Would a high energy bottom quark 'decay' to a top quark?

Question

The reason for the long life time of $B$-hadrons is that the CKM element $|V_{tb}| > 0.999$, meaning that the preferred decay of the $b$-quark is to a $t$-quark (and vice versa). However because $m_{top} >> m_{bottom}$ this `isn't allowed' for $b$-quarks.

My feeling is that at very high energies, i.e $E_{bottom} >> m_{top}$, that the decay $b \rightarrow t$ would be permitted. I would therefore conclude from this as well, that the lifetime of the $b$-quark would change dramatically as $E_{bottom} \rightarrow m_{top}$. Is that correct? If not, why not?

Answer 1

It doesn't matter whether the $b$-quark is highly energetic, it can never decay to a top quark and a $W$-boson if it is on mass shell, by which I mean, $p^2=E^2 - \vec p^2 =m_b^2$. To see this, consider energy-momentum conservation, $$ b^\mu = W^\mu + t^\mu \Rightarrow m_b^2 = M_W^2 + m_t^2 + 2W\cdot t = M_W^2 + m_t^2 + 2 E_t M_W $$ However, since the energy $E_t$ is positive, energy-momentum cannot be conserved in the decay - the left-hand-side cannot equal the right-hand-side for the measured particle masses.

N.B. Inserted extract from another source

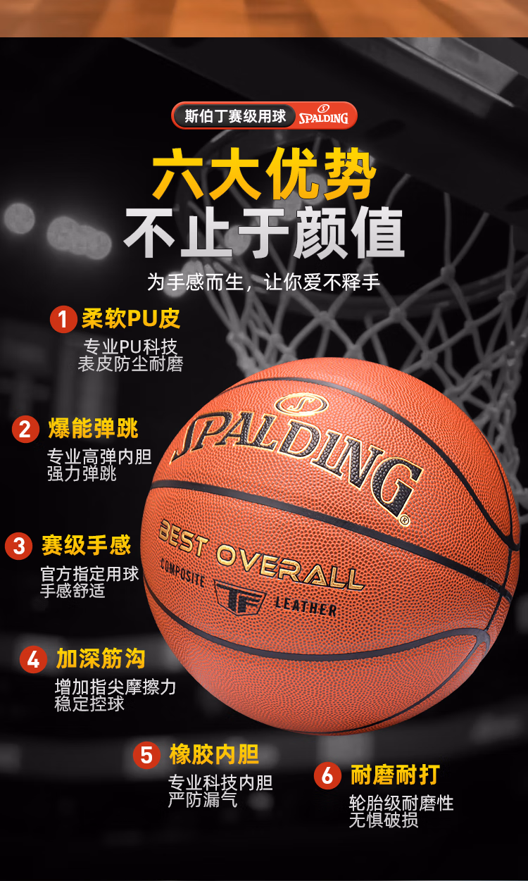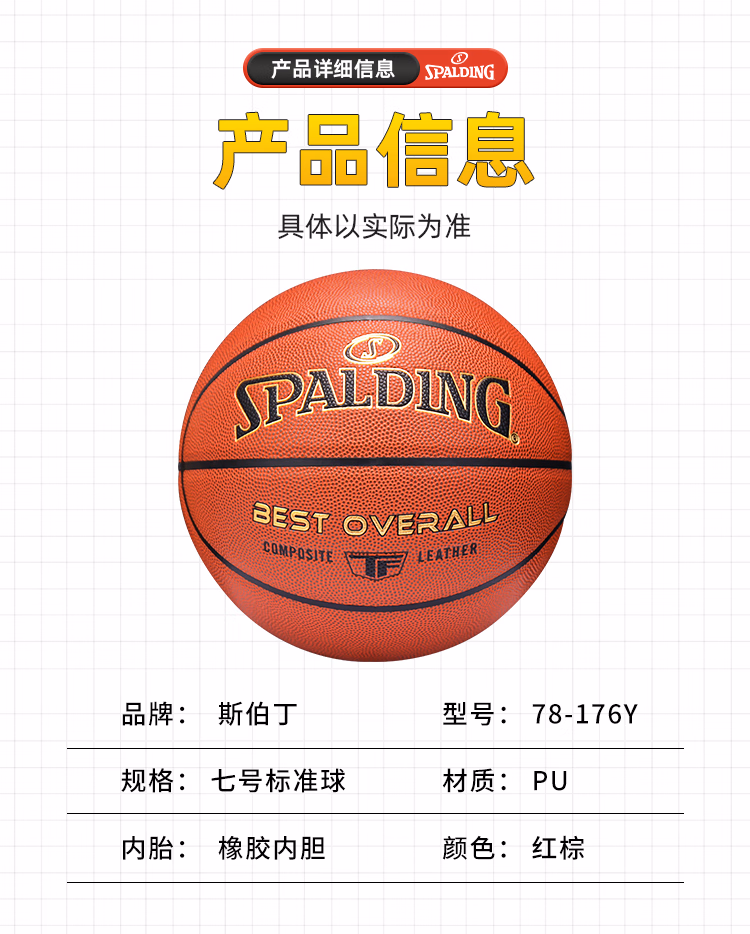 包装清单  :   斯伯丁(SPALDING)篮球TF系列7号PU比赛室内外兼用耐磨成人青少年78-176Y

Now, if the $b$-quark is not on mass-shell, $p^2\neq m_b^2$, the decay is possible. An off-shell $b$-quark could be an internal line - a virtual particle - in a Feynman diagram. Decay widths (i.e. lifetimes) are different for particles that are not on mass shell. However, since particles off-mass shell are not propagating (they are internal in Feynman diagrams), when we talk of a life-time, we always mean an on-shell particle.

Answer 2

If you consider the decay from the frame where the b-quark is at rest: then p=0 and E=m(bottom quark)*c2 and it can't decay to the more massive top quark. It would violate the energy energy-momentum conservation law.